O NEM é fruto da reforma do Ensino Médio realizada em 2017, no governo do ex-presidente Michel Temer. Ele muda toda a matriz curricular, que passa a ser composta pelas disciplinas tradicionais da Formação Geral Básica (FGB) e pelos chamados “itinerários formativos” (IFs), os quais envolvem atividades eletivas a partir de áreas do conhecimento escolhidas pelos alunos.
No DF, o novo modelo começou a ser implementado em 2020, por meio de cinco escolas-piloto e, em 2022, foi expandido para todas as 95 unidades de Ensino Médio de forma progressiva: este ano, apenas na 1ª série; em 2023, na 1ª e 2ª série; e, em 2024, em todas as três séries.

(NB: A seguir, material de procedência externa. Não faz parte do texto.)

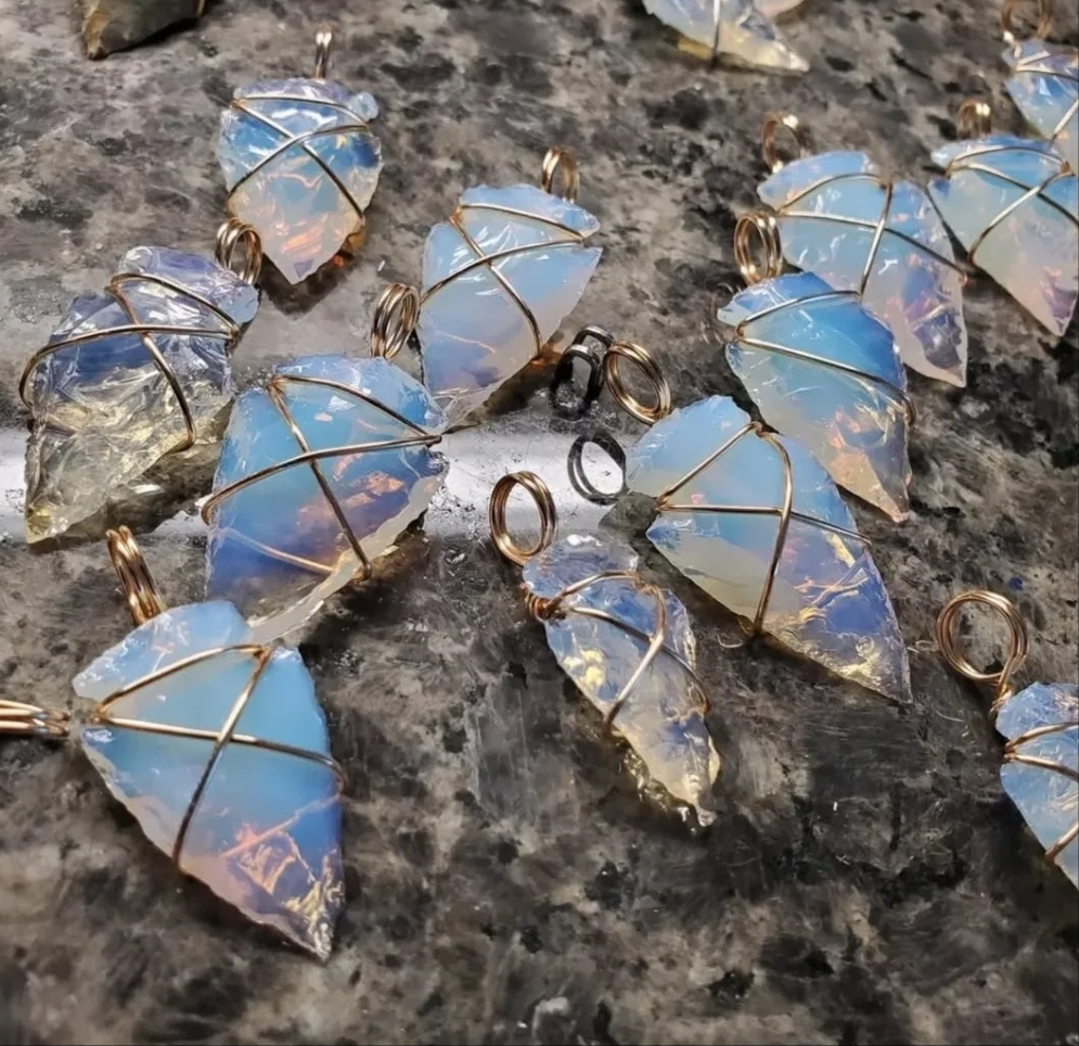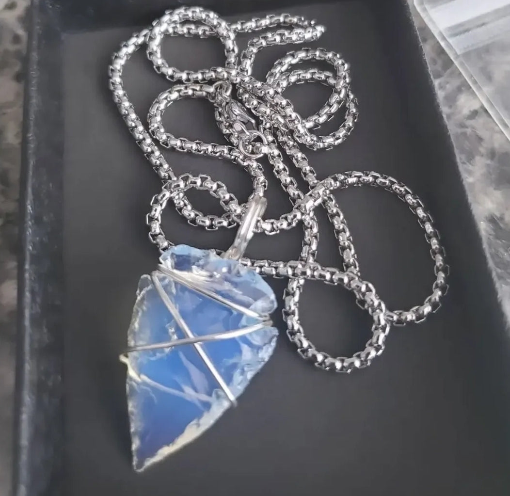 'Inner Light', our best selling opalite arrowhead necklace. Handcrafted and mounted on your choice of gold or silver copper wire. Set on a dazzling 22-inch stainless steel chain.

Segundo a Secretaria de Educação, 32 mil adolescentes começaram a experimentar o modelo este ano. A experiência dos que estudam nas unidades-piloto, contudo, já causa preocupação. Ana Louise Holanda estuda numa das cinco primeiras escolas-piloto, o Centro de Ensino Médio Integrado à Educação Profissional e Técnica do Gama (Cemi). Ela está na 3ª série, já cursou dois anos do NEM, e relatou: “Devido às dificuldades e aos espaços para as matérias eletivas, fui simplesmente encaixada em qualquer uma. Pretendo cursar Bioética, o que não tem nada a ver com canto e coral ou eletrotécnica, que foram as eletivas em que fui encaixada”.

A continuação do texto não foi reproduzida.